Bird’s Eye: What have we got? A delightfully scathing speech from the Aussie PM, Julia Gillard, follows up on last week’s gender issue. Books are better, thanks to the demise of the publishing industry. A detailed review of David Byrne’s book on music establishes that he’s more than just another talking head, and a truly lovely photo arrives a little late for our autumnal photo spread.
* Gillard Labels Abbott A Misogynist – YouTube (via boingboing)
Australian PM Julia Gillard rose in Parliament to address a motion from the leader of the opposition Tony Abbott to dismiss the Speaker of the House for sending sexist text messages.
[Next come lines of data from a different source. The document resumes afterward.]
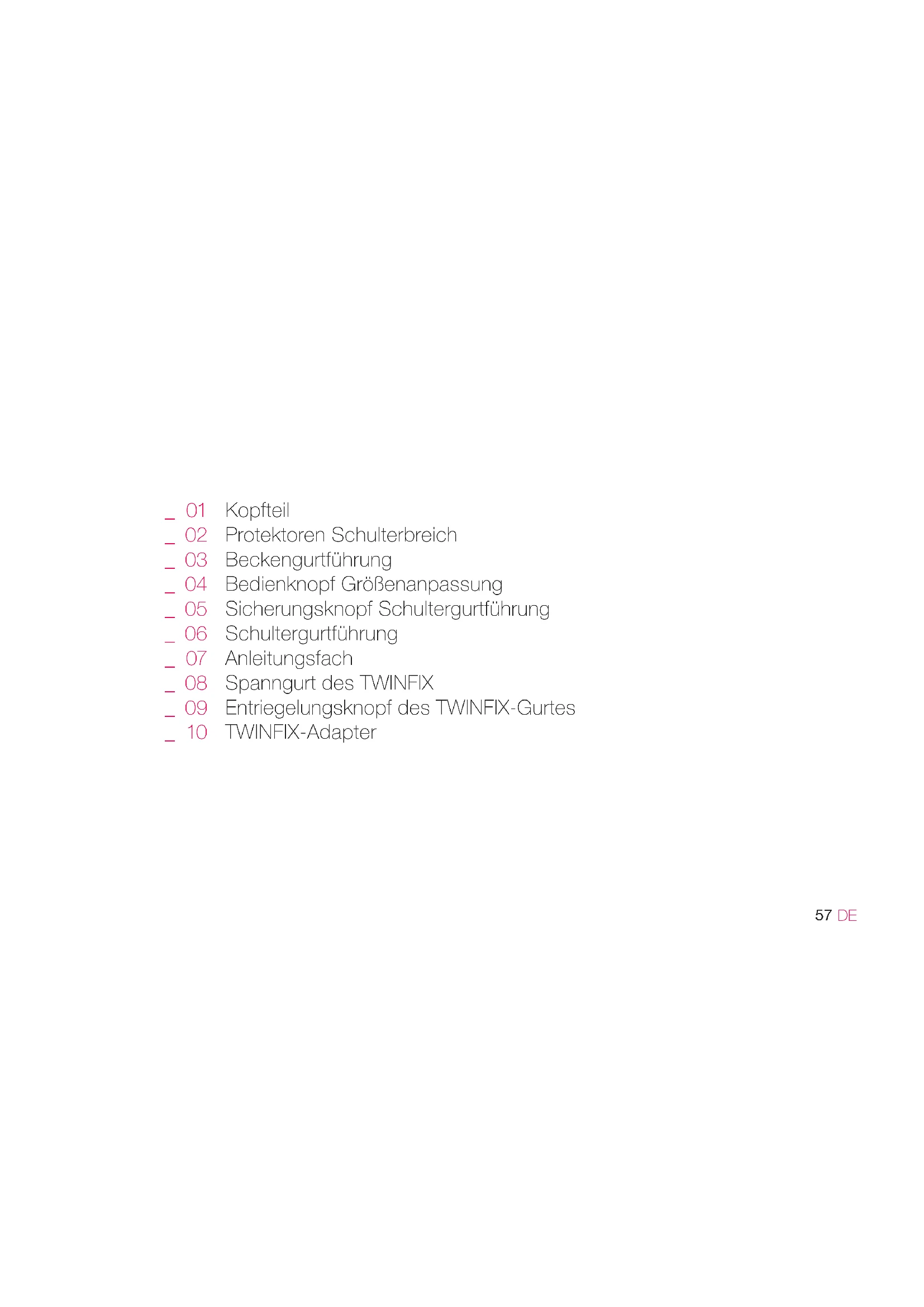 Kopfteil Protektoren Schulterbreich Beckengurtführung Bedienknopf Größenanpassung Sicherungsknopf Schultergurtführung Schultergurtführung Anleitungsfach Spanngurt des TWINFIX Entriegelungsknopf des TWINFIX-Gurtes TWINFIX-Adapter _ 01 _ 02 _ 03 _ 04 _ 05 _ 06 _ 07 _ 08 _ 09 _ 10 IM 2230.01 TRANSFORMER_iTECH int.indd 57 18/6/21 15:3458
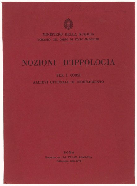 NOZIONI D'IPPOLOGIA per i corsi Allievi Ufficiali di Complemento. | Livres anciens et modernes | Ministero Dell Guerrra, Comando Corpo Di Stato Maggiore
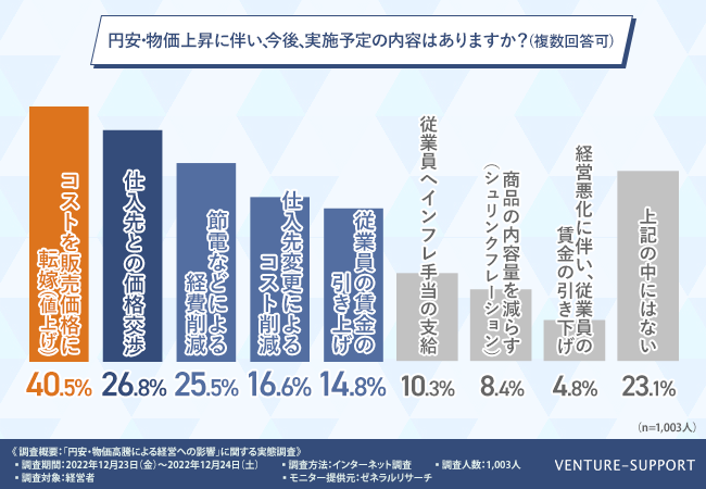 - 経営者の3割が、円安・物価上昇によるコスト高騰によって利益が減少したと回答した。今後の対策として「値上げ」を予定しているという回答が最多に
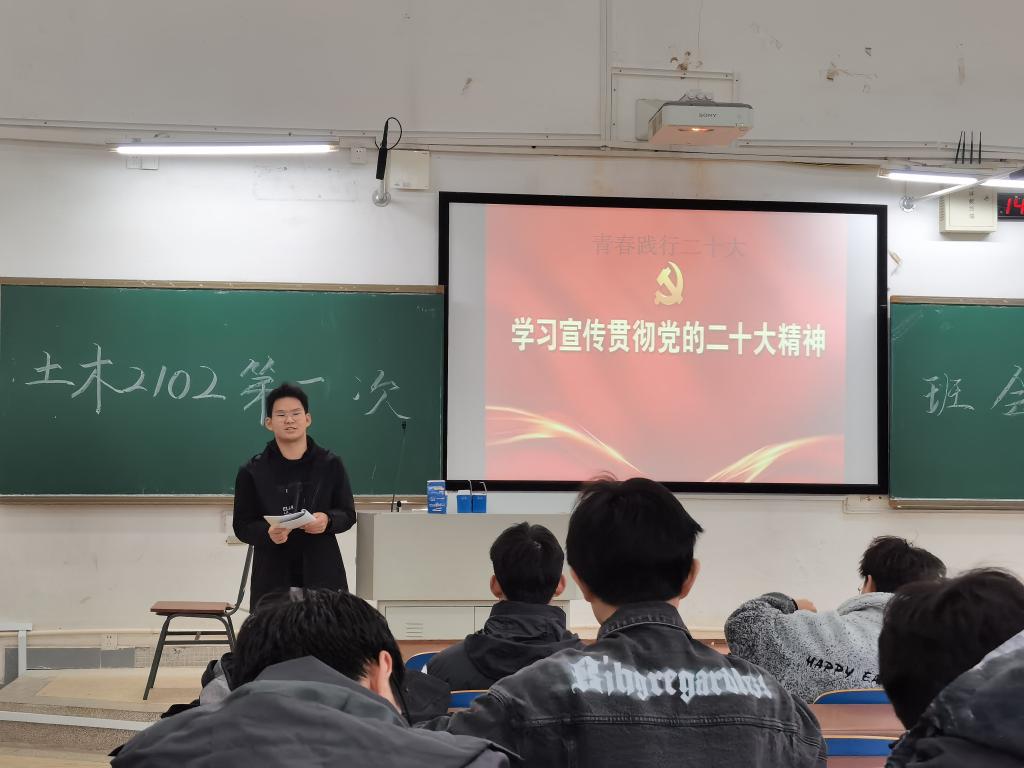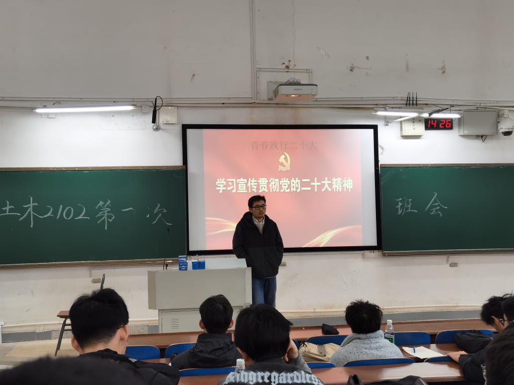 2023年3月3日下午14点,土木工程2102班在新校区D座106开展了大二下学期第一次班会。本次班会由班长杨佳诚主持,班导师周浩出席,土木工程2102班全体同学到场。
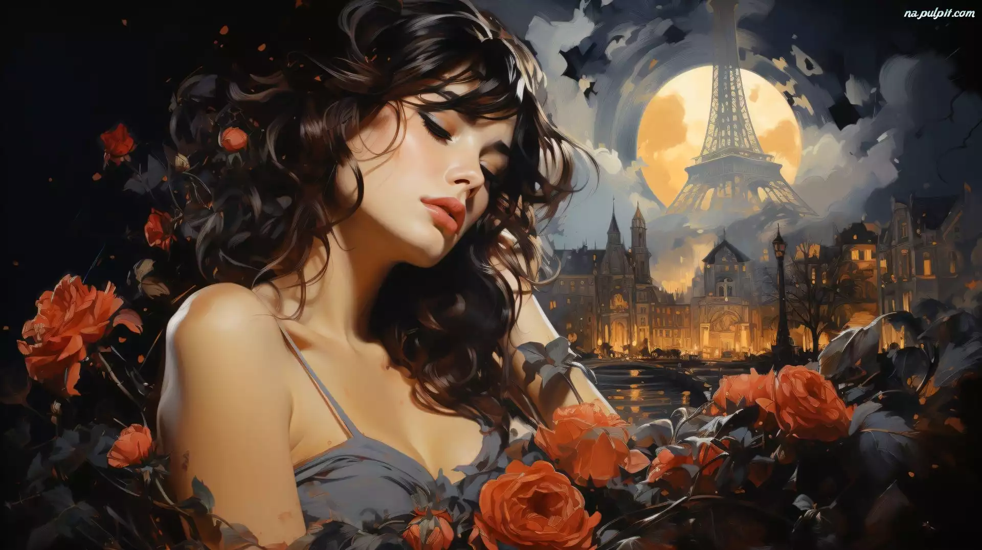 Domy, Kobieta, Wieża Eiffla, Księżyc, Kwiaty, Grafika Na Pulpit
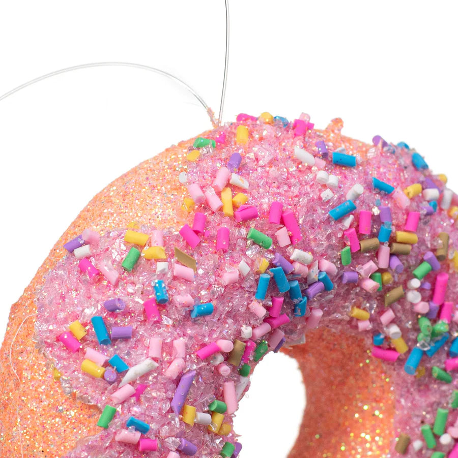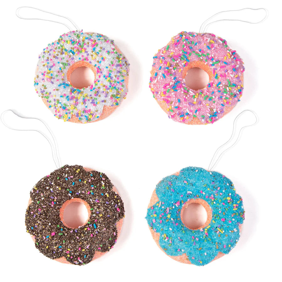 This set of life-sized donut ornaments matches our donut sprays. Each one is molded from lightweight foam, coated in glitter, and has a different topping - chocolate, glaze, blue icing and pink icing. Multi-color sprinkles finish off the pastry look.
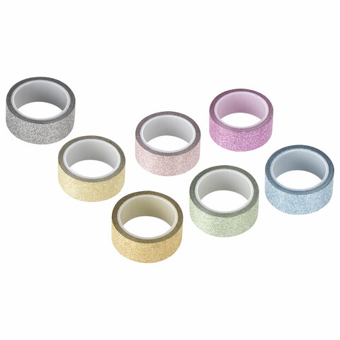 Клейкие ленты полимерные для декора с блестками "ПАСТЕЛЬ", 15 мм х 3 м, 7 цветов, ОСТРОВ СОКРОВИЩ, 661716

She proceeded to unload on the smarmy shitheel opposite her for fifteen solid minutes, setting out his record of awful, misogynist garbage.
* It’s Hard Out Here Tremble the Devil
Traditional publishing never worked, it was an industry ruled by chance and blind luck. Its demise will be the best thing that’s ever happened to authors as the royalty system is rearranged and bureaucratic fat is removed from the system.
* “How Music Works” by David Byrne – review The Observer
Ever against the grain, the now 60-year-old Byrne explores a whole symphony of argument in this extraordinary book with the precise, technical enthusiasm you’d expect from the painfully bright art school-educated son – born in Scotland, raised in the States – of an electrical engineer, occasionally mopping his fevered brow in the crestfallen manner of a 19th-century poet. The title is perfectly chosen. Music doesn’t just work because of its effect on the senses; every aspect of its sound and construction has an emotional impact, right up to the way it’s distributed, even marketed, and the machines on which it’s consumed. It’s fascinating.
Even before you hear music, Byrne points out, it has been shaped by the environment it was designed to be heard in, and by the equipment employed to make or record it. Much of the slow, stately western music of the middle ages sounds the way it does because it had to work within the four-second reverberations of stone-walled cathedrals (Bach’s was more agile because he mostly wrote on a small church pipe organ). Frank Sinatra and Bing Crosby capitalized on the arrival of the microphone as it allowed them to reach their predominantly female following with a whisper not a shout.
Arena rock of the early 70s evolved as a way of reaching the back of the sonically unsuitable sports stadia that the expanding market now required its bands to perform in. Talking Heads themselves fashioned their angular funk partly because it suited the acoustics of CBGB, the box-like New York club that launched them. Byrne no longer plays at Carnegie Hall, he explains, because it’s designed for opera and thus deadens his current brand of highly percussive “groove music”.